Evaluated in declared order; first failure wins for a given record. on_failure may be quarantine (route the row to the DLQ) or abort (raise FaucetError::QualityFailure and stop the run immediately).

CheckKey fieldsPasses whenMissing field
not_nullfield, treat_missing_as_null (default true)value present and non-nullfail (pass iff treat_missing_as_null: false)
not_emptyfieldvalue is a non-empty string after trimming whitespacefail
regex_matchfield, patternvalue is a string matching patternfail
value_in_setfield, values: [...]value is in the allowed set (exact JSON equality)fail
not_in_setfield, values: [...]value is NOT in the forbidden setpass (trivially not in set)
comparefield, op, valueordering or equality holds (see below)fail
type_isfield, expectedJSON type of the value matches expectedfail
string_lengthfield, min?, max?char count in [min, max] (at least one bound required)fail
json_schemaschemawhole record validates against a JSON Schema document(whole-record check)

compare operators: gt, gte, lt, lte require both the field value and the configured value to be JSON numbers (compared as f64); eq and ne do exact JSON equality with no type coercion.

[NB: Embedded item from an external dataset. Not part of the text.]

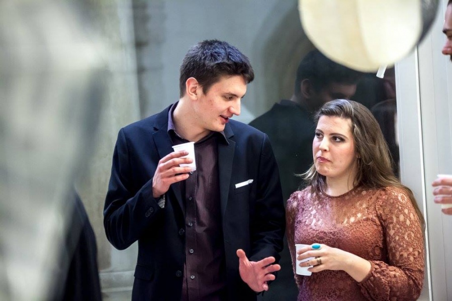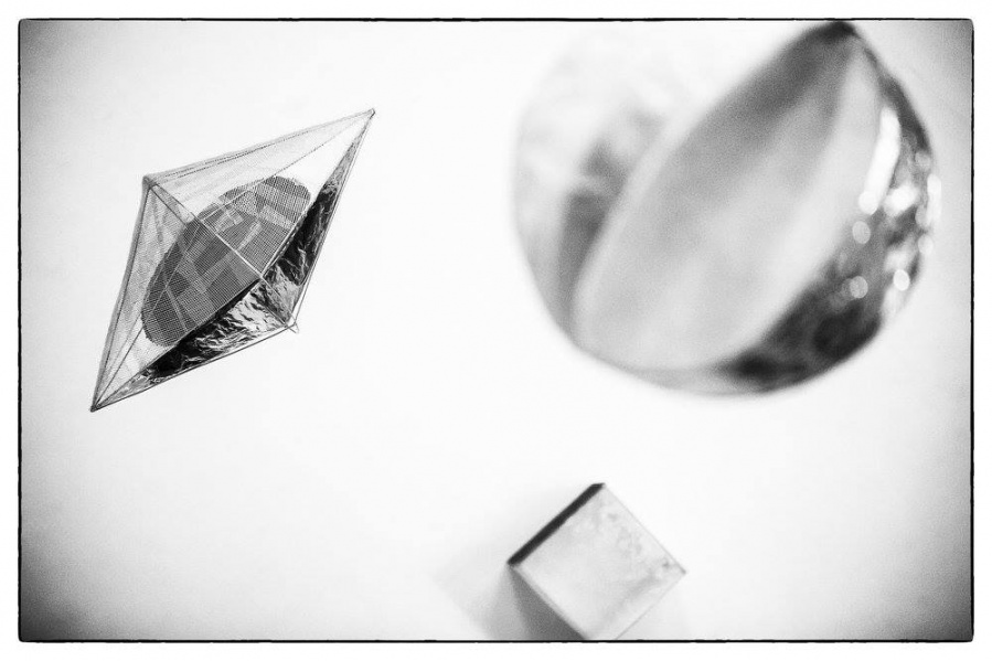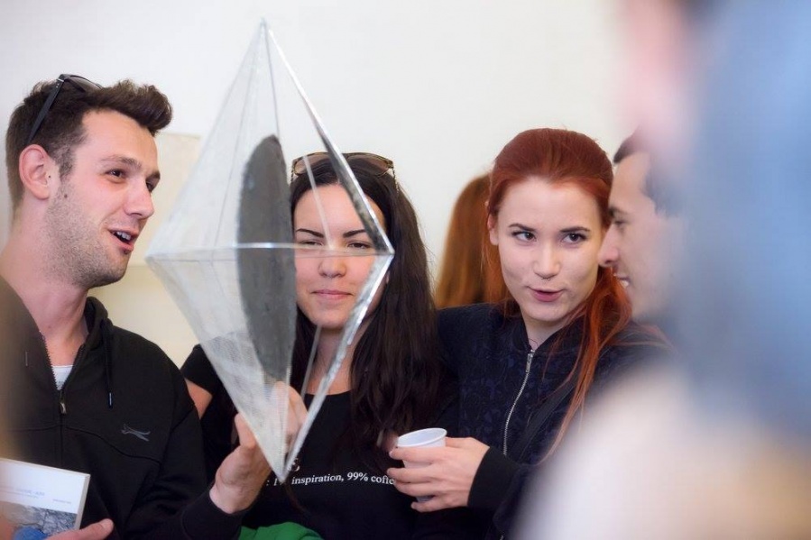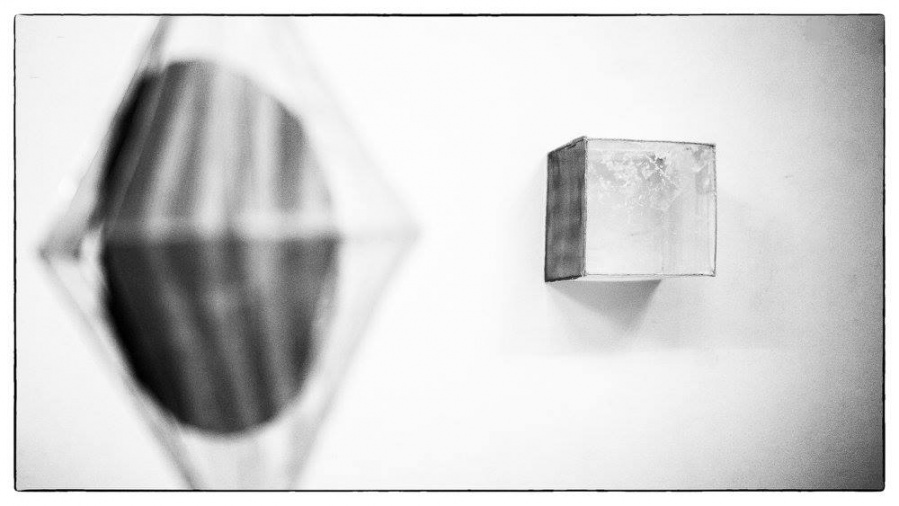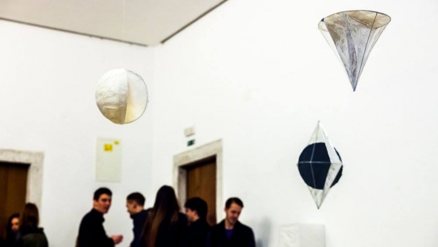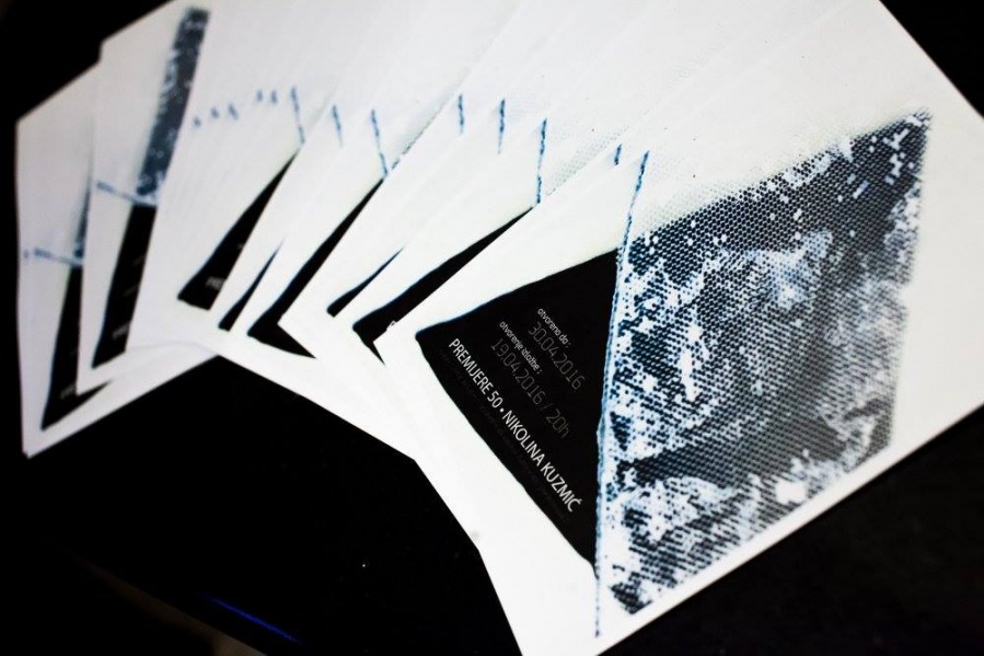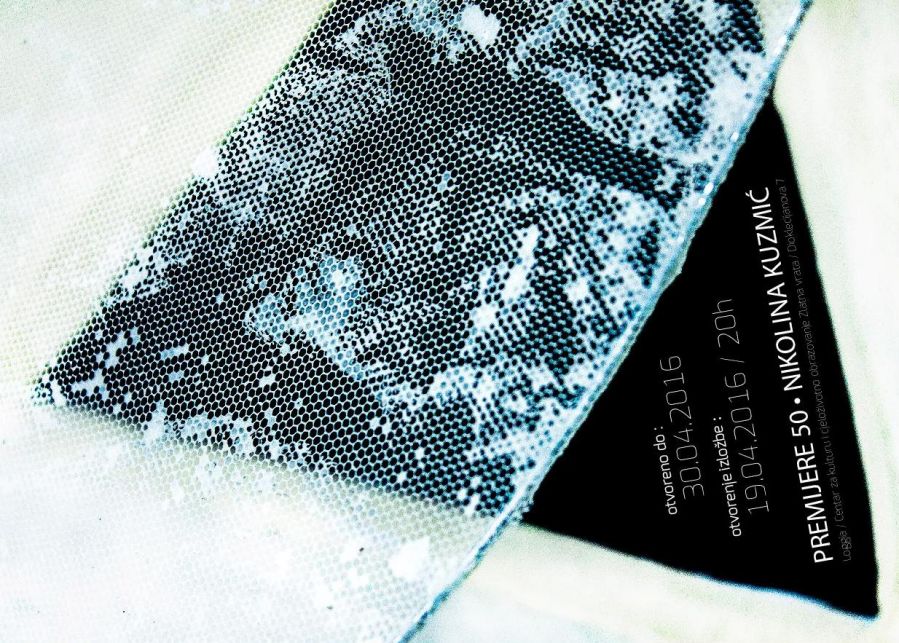 "Nikolina Kuzmić, studentica likovnog odjela Umjetničke akademije u Splitu, nakon nekoliko skupnih predstavlja nam se prvom samostalnom izložbom upravo u realizaciji projekta Premijera. Iako se do sada u radu fokusirala na organske, celularne motive prikazane na slikarskim platnima u tehnici povezivanja šećera i ljepila, sada nastoji povezati opne organičnih sinteza stavljajući naglasak na suprotnost transparentnih i reflektirajućih ploha geometrijskih tijela.

json_schema requires the quality-jsonschema Cargo feature. It is the most expressive check; its cost scales with schema complexity — for very large or deeply nested schemas on hot paths, prefer the granular checks above and benchmark your case.

Per-batch checks

Evaluated per page over the survivors (records that passed all per-record checks). Aggregate checks (row_count, null_rate, distinct_count) are not row-attributable, so they offer quarantine_batch (route all survivors to the DLQ, write nothing this page) or abort. unique is row-attributable and accepts quarantine (route the duplicate rows) or abort.

CheckKey fieldsPasses when
row_countmin?, max? (at least one required)survivor count in [min, max]
null_ratefield, max (0.0–1.0)null-or-missing rate ≤ max; zero survivors → 0.0 → pass
uniquefields: [...] (composite key)every survivor’s composite key is unique within the page
distinct_countfield, min?, max?distinct values of field in [min, max]

Failure policies

PolicyMeaningAllowed on
quarantineRoute the specific offending row(s) to the DLQ; keep the rest as survivorsper-record checks; unique
quarantine_batchRoute all current survivors of the page to the DLQ; nothing written this pageaggregate batch checks (row_count, null_rate, distinct_count)
abortRaise FaucetError::QualityFailure and stop the runevery check

DLQ requirement

Any check that uses quarantine or quarantine_batch requires a dlq: block. Omitting it fails validation with an error explaining that a dlq: block is required (faucet validate catches this before the run starts; the core guards it again at run start).

See the Dead-letter queues cookbook page for dlq: options.

Observability

The quality pass emits faucet_quality_* metrics automatically:

  • faucet_quality_checks_total{pipeline,row,check,outcome=pass|fail}
  • faucet_quality_records_quarantined_total{pipeline,row,check,field}
  • faucet_quality_aborts_total{pipeline,row,check}
  • faucet_quality_check_duration_seconds{check}

These are available alongside the standard faucet_source_*, faucet_sink_*, and faucet_transform_* metrics. See Observability for the full metrics reference.

Validate the config

faucet validate rest_to_postgres_with_quality.yaml
# ok: 'users_api_to_postgres_with_quality' rows=1 (roots=1, children=0)

faucet schema quality prints the full JSON Schema for the quality: block, and faucet list shows all available checks with descriptions.